If you have a significant other, do you speak worse in front of them?
I have noticed in the past week or so that when I’m talking to my lovely and talented wife, I sound like a complete and total nimrod. I don’t mean that I’m saying things that are stupid (although, inevitably, that sometimes occurs), but that I am physically speaking badly.
I have always had a lisp although, apparently, some people who know me have never known that or at least never noticed, and so I’m pretty grateful that it’s not very prominent. Over the years I’ve been able to compensate for it in most situations, but when I was little I went through a lot of speech therapy classes to try to correct it. My problem is my ’s’es — I create the ’ssss’ sound by holding my tongue between my teeth, whereas most people make it by folding their tongue back into their mouth and pressing against the roof to produce the hiss.
I spent the better part of 3 years of my childhood education being pulled out of my lessons and being drilled by a speech therapist (who, if I had been 15 years older, would have very much liked to drill, but alas…the innocence of youth), speaking in the way in which she wanted me to (forcing my tongue to make those positions…oh, hell, that just reeks of innuendo, doesn’t it?), and then promptly going back to my old ways once I got back to class. After all those sessions, I think she gave up and went back to teaching others how to do more useful things, like saying ‘w’ instead of ‘r’.
Now, over the years I’ve gotten so good at my own way of doing things that it’s second nature and I’m very accurate, masking most of my problem. But when I’m intoxicated or, apparently, talking to my wife, my speaking problems come back again from time to time. I’ll find myself saying a sentence and simply being too lazy to bother saying it any clearer, because we know each other so well that even if I was 10 feet underground, sucking on a rutabega, she would be able to finish my sentence.
I wonder if this is an automatic response being initiated by my brain which, after witnessing the copious amounts of excellent communication flowing between me and my wife, has chosen to simply not work as hard, figuring that if she’s going to figure out what I was going to say anyway, it just can’t be fucked to make the effort. Either that or it’s testing me (or her) to see how far it can go before I get too many “WTF?”s and I have to actually work at speaking again.
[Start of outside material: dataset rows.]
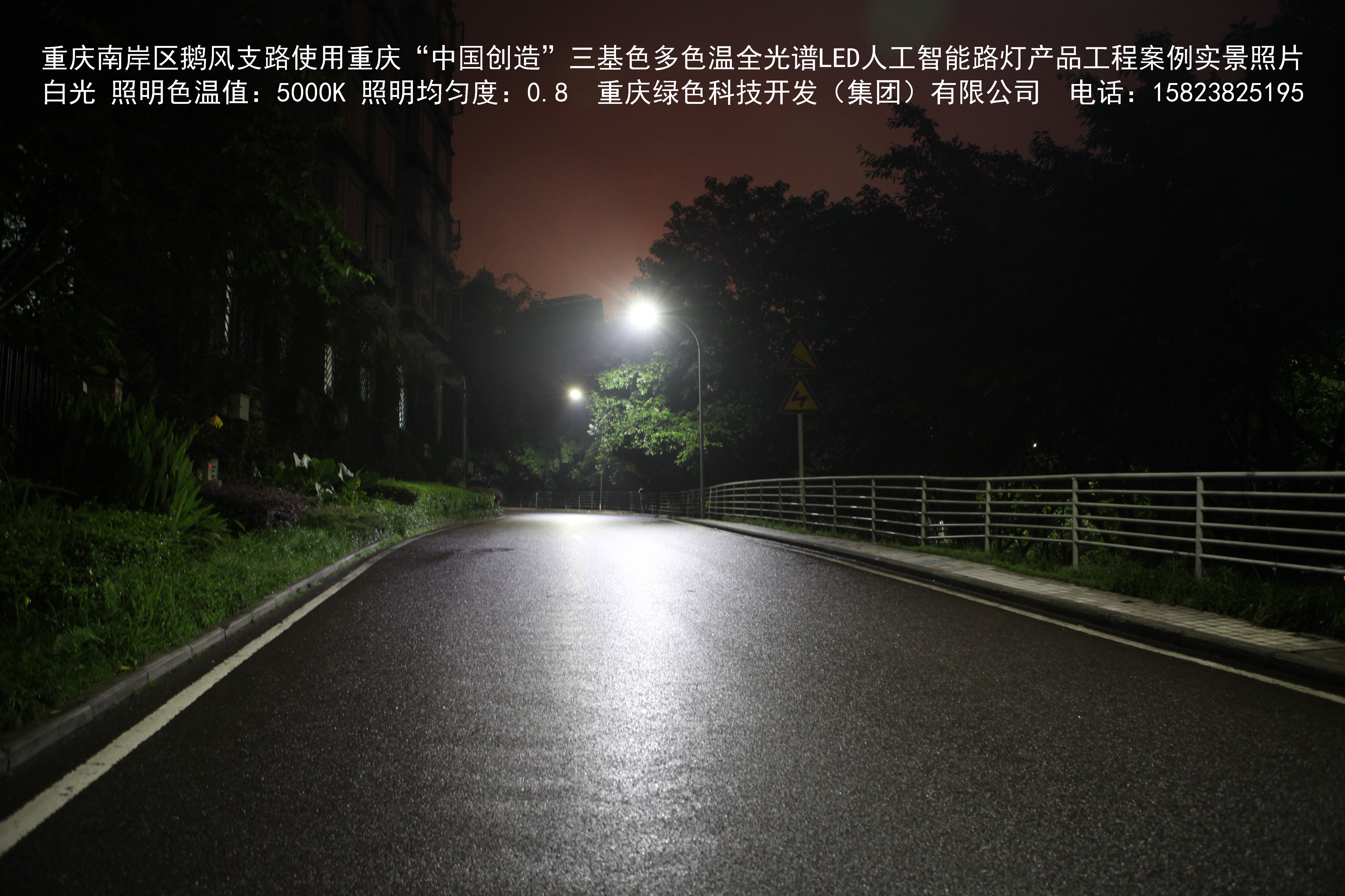 重慶市南岸區鵝風支路使用我司研造的重慶“中國創造”三基色多色溫全光譜LED人工智能路燈產品工程案例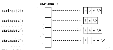 There are two ways to implement arrays of strings in C: 1) as arrays of pointers, and 2) as two-dimensional arrays of characters. The program in Listing 6 illustrates the first approach. The memory layout looks like this: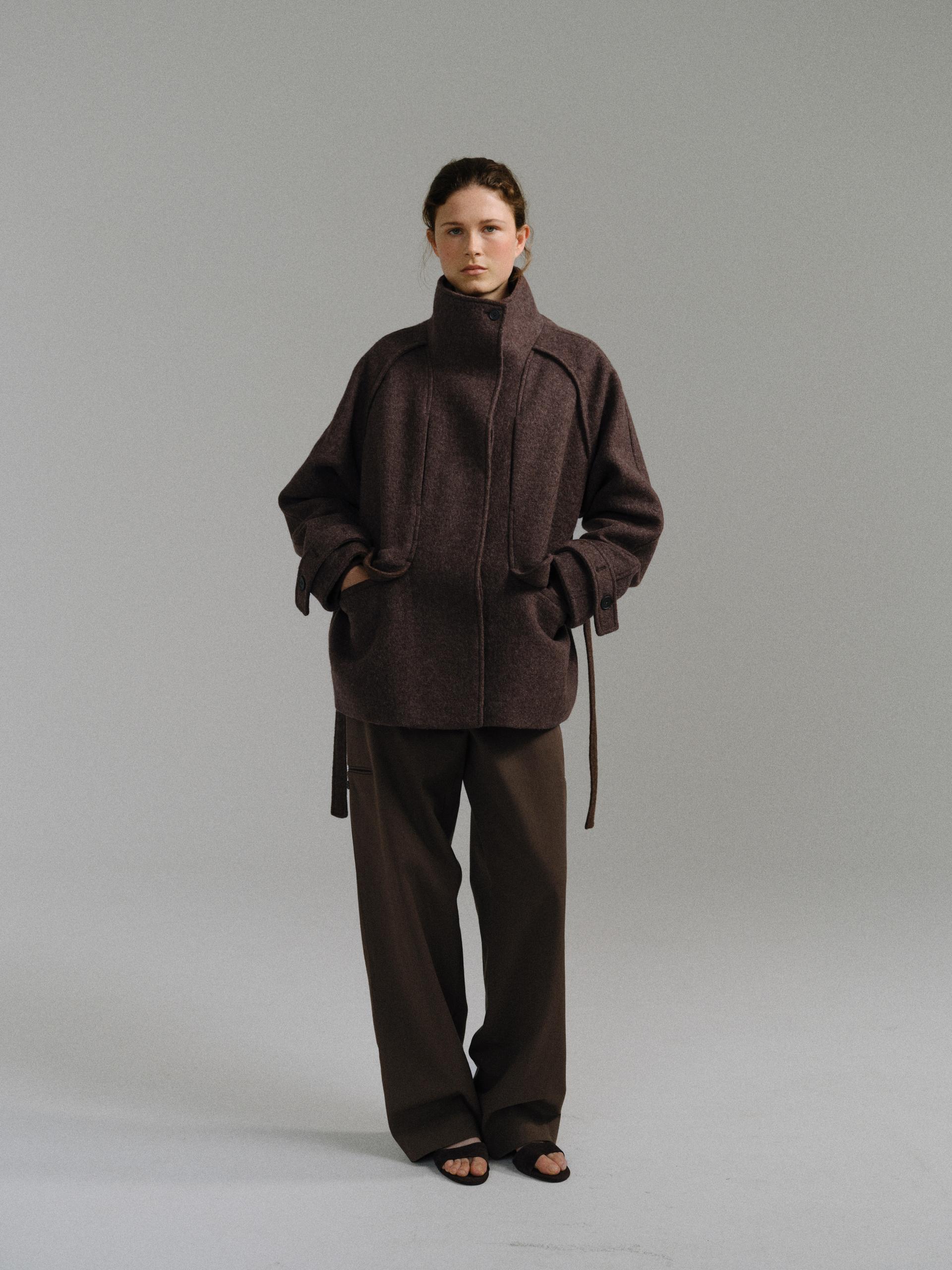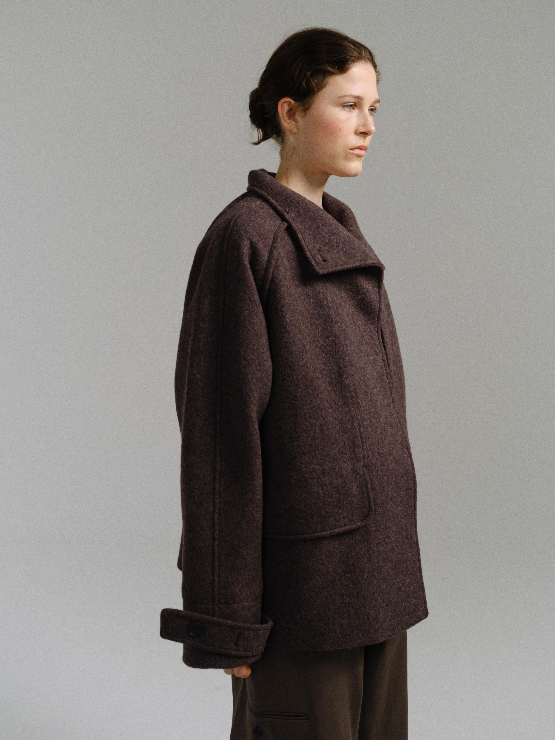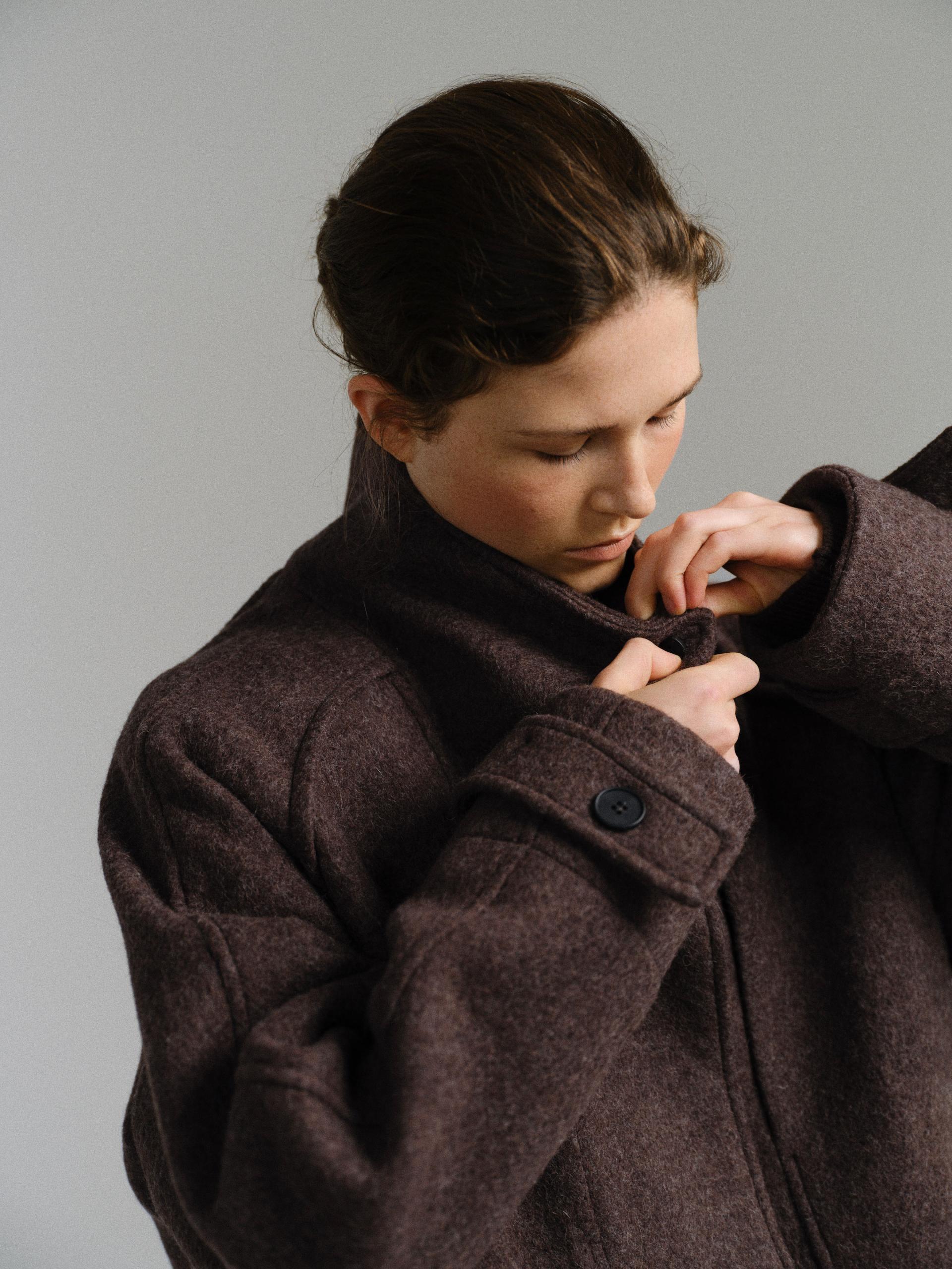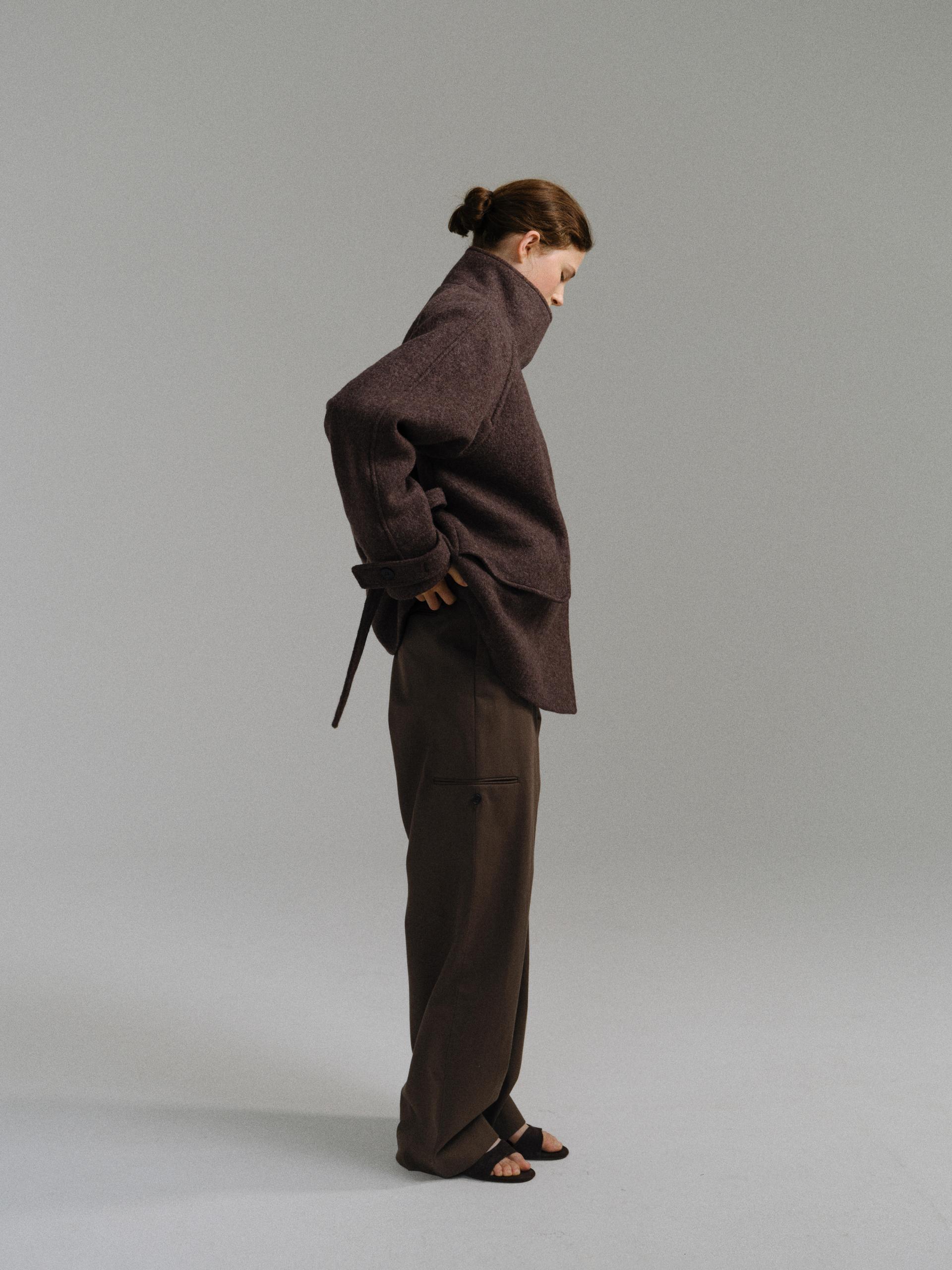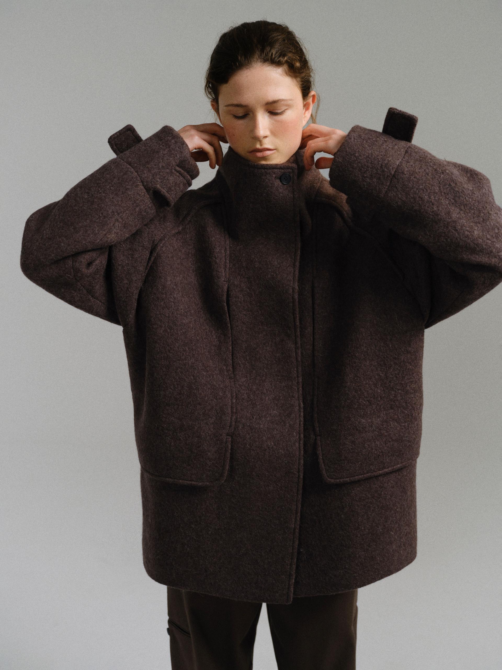 -울 혼방 원단 특유의 헤어리한 텍스처가 돋보이며, 차분하게 톤 다운된 컬러가 특징입니다.

I don’t mean to be lazy, really…I’m usually pretty conscious about my speaking and how it is coming out, but one has to admit that they get pretty comfy with your spouse and you let certain things go that you’d be more vigilant about in public. I’m not out to fart on purpose (usually), but releasing the occasional blast in front of the wife, while might not be the most romantic thing in the world, certainly isn’t something that I prevent as much as, say, doing so at an interview. “Well, Nathan, what do you think your best management style is?” “I rather prefer *bwaaaht* a more pragmatic approach to *ffffaaaapppt* conducting business, don’t you, Jim?”
I guess I haven’t asked my wife how many times she’s noticed me sounding like a complete doughhead, but I imagine it’s happened more than once. Or, perhaps like me, she’s just getting lazy with her hearing, too. Which explains a lot of our odd mishaps, but at the same time, means we’re clearly destined to grow old together and drive each other nuts for years to come.
“Did you hear that?”
“Hear what? I didn’t hear anything you daffy old bird, and knowing your ears, you didn’t hear anything, either.”
“Listen to the sound of the whistling in the air as I hit you over the head with a skillet, you old bastard.”